Your assignment:
In duplicating the lines below, keep every word unchanged and drop the pictures.

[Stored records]
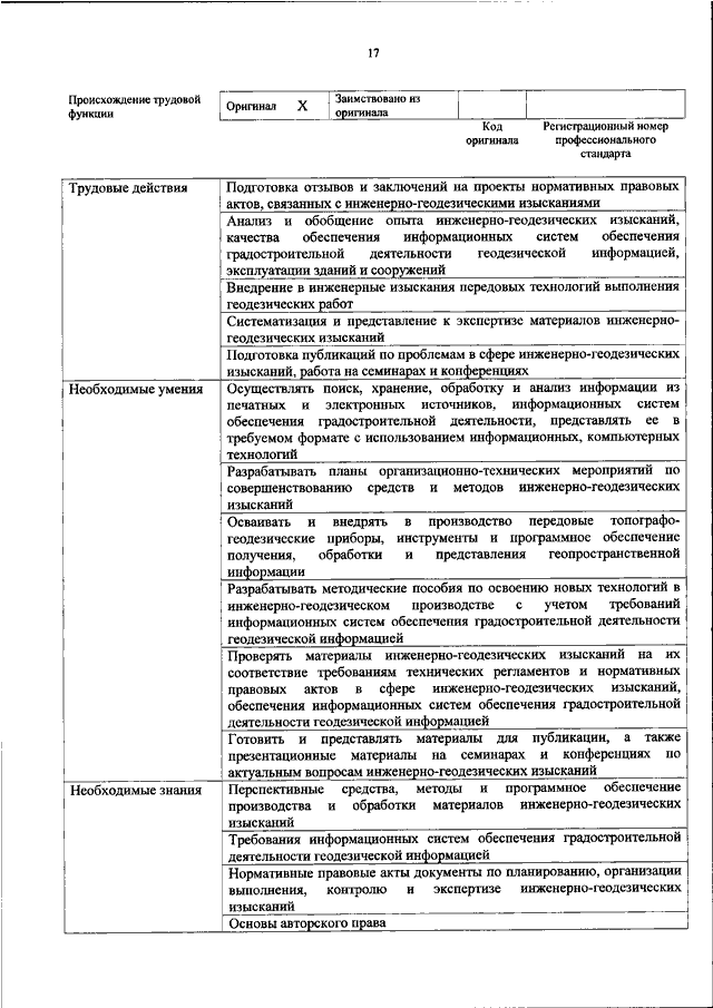 "ОБ УТВЕРЖДЕНИИ ПРОФЕССИОНАЛЬНОГО СТАНДАРТА "СПЕЦИАЛИСТ В ОБЛАСТИ ИНЖЕНЕРНО - ГЕОДЕЗИЧЕСКИХ ИЗЫСКАНИЙ"
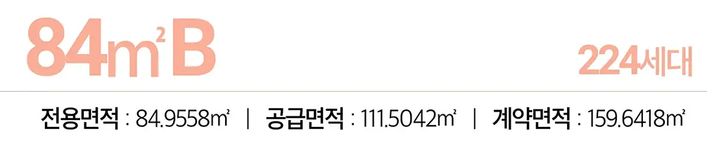 전용면적 84㎡는 판상형 A, 타워형 B 두 가지 구조로 나뉘며, B 타입 세대 수가 더 많습니다. 113㎡의 대형 평형도 공급되어 대가족 거주자에게도 적합합니다.
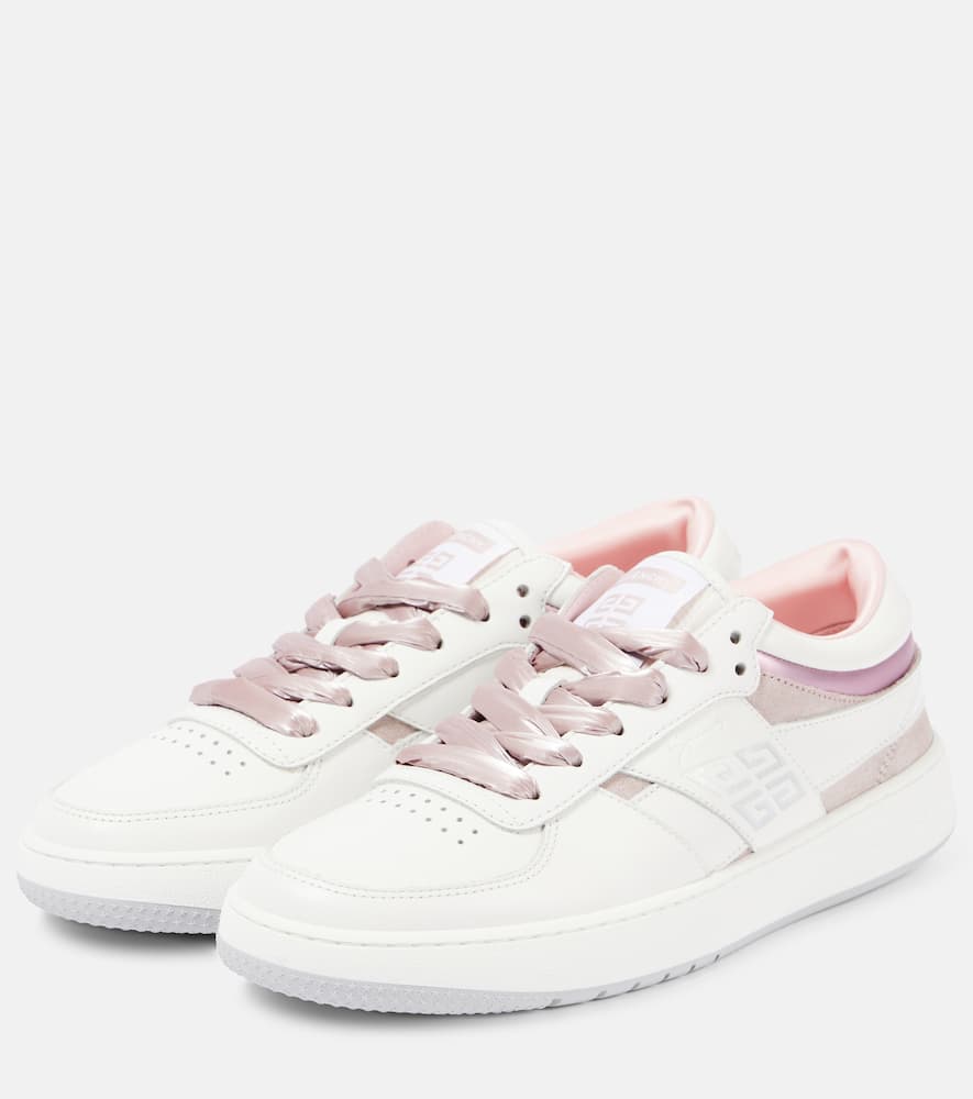 Upper: leather. Lining: fabric. Sole: leather insole, rubber sole. Toe shape: almond toe. Made in Italy. Includes: shoe box, dust bags, extra laces. Designer color name: 149 White/Pink. Closure: lace-up. Shop the latest Givenchy Low-Top Sneakers for women now.
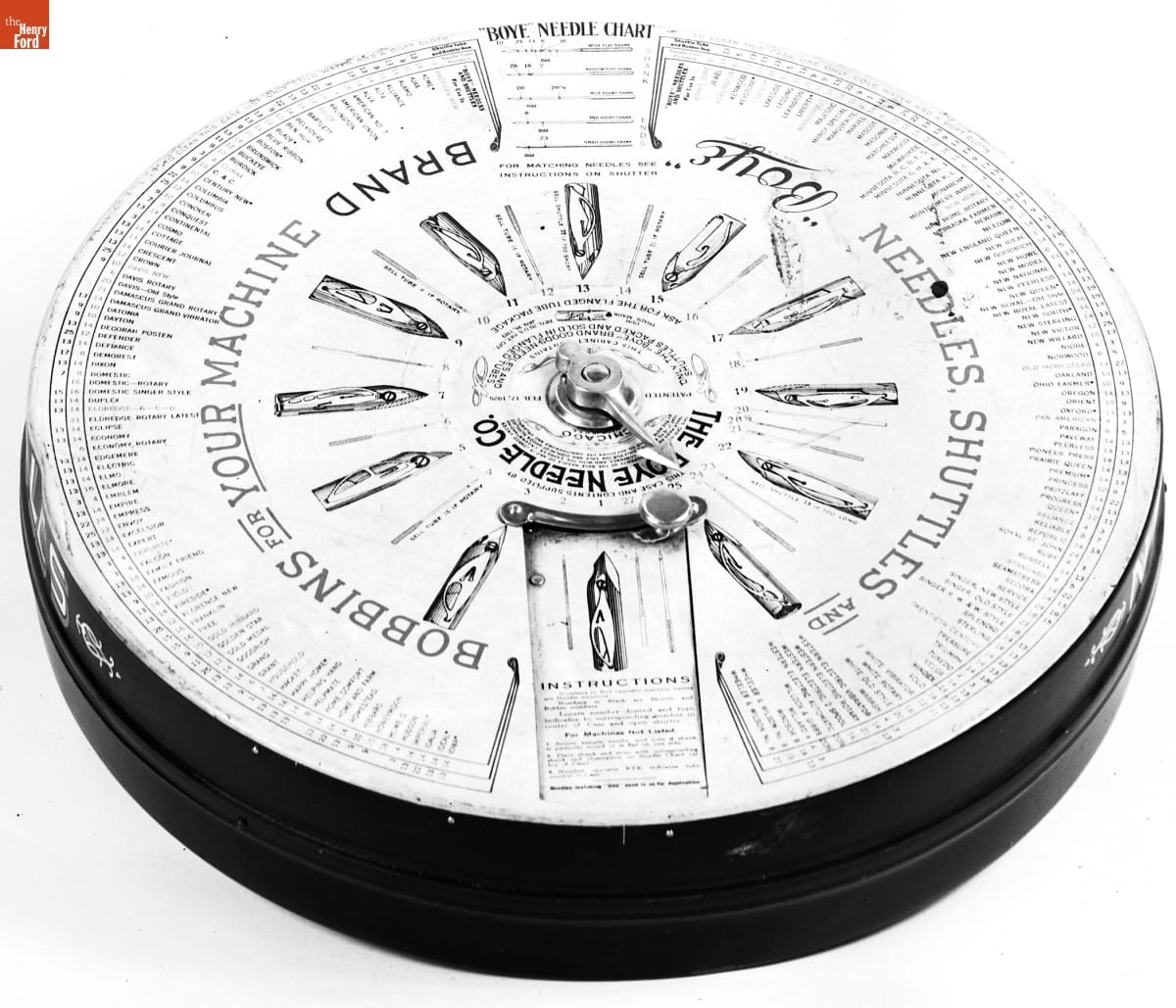Manufacturers frequently made display materials available to retailers to help encourage increased sales of the company's product. This Boye Needle Company product display not only displayed sewing machine needles, shuttles and bobbins in an attractive dispenser, but also included a chart to help determine the appropriate size accessory needed for different makes of sewing machines.
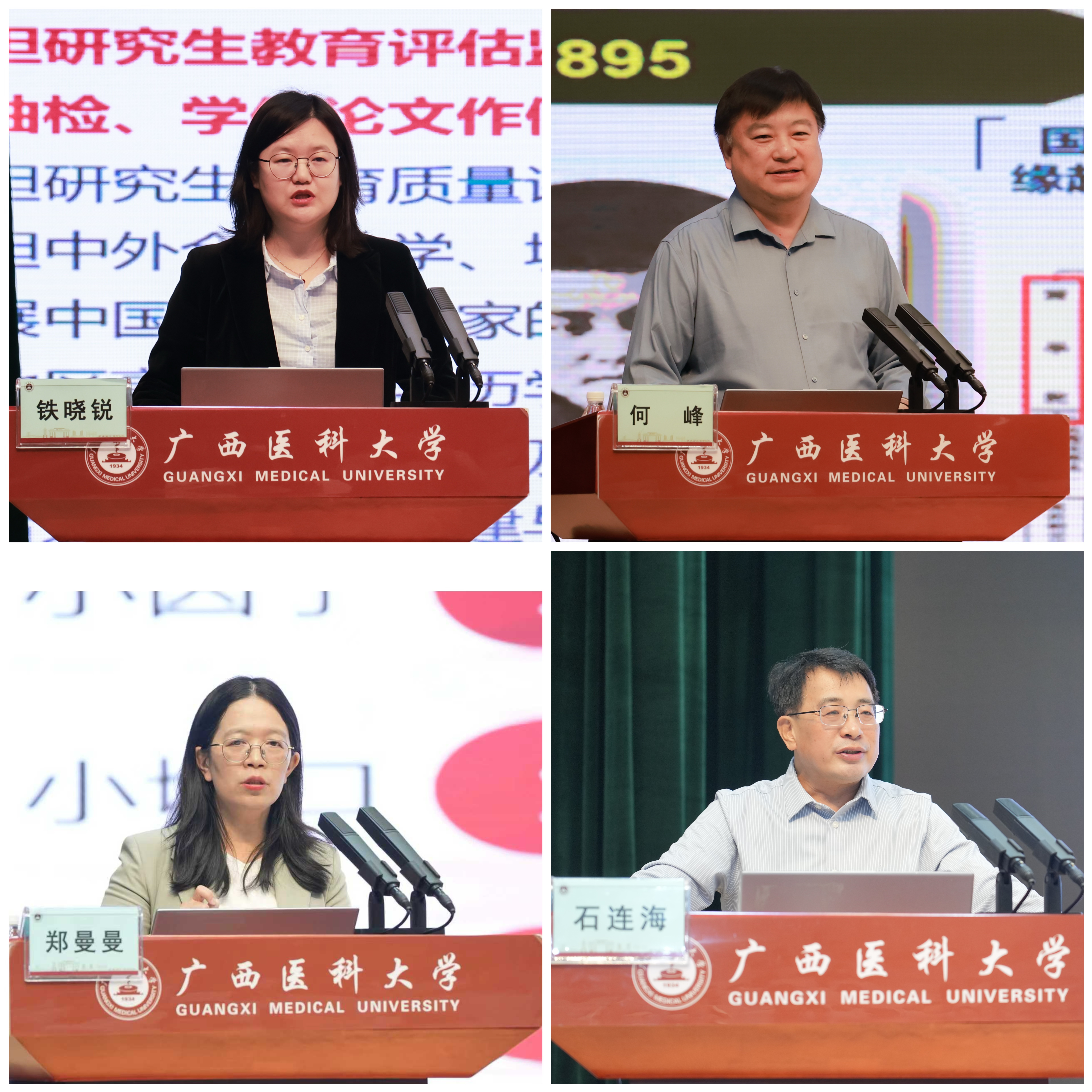 培训环节聚焦“政策解读+实践赋能”,铁晓锐紧扣国家政策导向,系统解读了学位论文质量监测的关键内容与评价标准;何峰聚焦AI时代医工融合发展需求,分享医工交叉融合的人才培养模式与科研合作机制;郑曼曼基于地方医科院校发展特点,从导师遴选、考核、激励等多个维度分享经验;石连海围绕学位管理法治化建设与师德师风培育,对学位法进行政策解读与案例剖析。

Your solution:
 "ОБ УТВЕРЖДЕНИИ ПРОФЕССИОНАЛЬНОГО СТАНДАРТА "СПЕЦИАЛИСТ В ОБЛАСТИ ИНЖЕНЕРНО - ГЕОДЕЗИЧЕСКИХ ИЗЫСКАНИЙ"
 전용면적 84㎡는 판상형 A, 타워형 B 두 가지 구조로 나뉘며, B 타입 세대 수가 더 많습니다. 113㎡의 대형 평형도 공급되어 대가족 거주자에게도 적합합니다.
 Upper: leather. Lining: fabric. Sole: leather insole, rubber sole. Toe shape: almond toe. Made in Italy. Includes: shoe box, dust bags, extra laces. Designer color name: 149 White/Pink. Closure: lace-up. Shop the latest Givenchy Low-Top Sneakers for women now.
Manufacturers frequently made display materials available to retailers to help encourage increased sales of the company's product. This Boye Needle Company product display not only displayed sewing machine needles, shuttles and bobbins in an attractive dispenser, but also included a chart to help determine the appropriate size accessory needed for different makes of sewing machines.
 培训环节聚焦“政策解读+实践赋能”,铁晓锐紧扣国家政策导向,系统解读了学位论文质量监测的关键内容与评价标准;何峰聚焦AI时代医工融合发展需求,分享医工交叉融合的人才培养模式与科研合作机制;郑曼曼基于地方医科院校发展特点,从导师遴选、考核、激励等多个维度分享经验;石连海围绕学位管理法治化建设与师德师风培育,对学位法进行政策解读与案例剖析。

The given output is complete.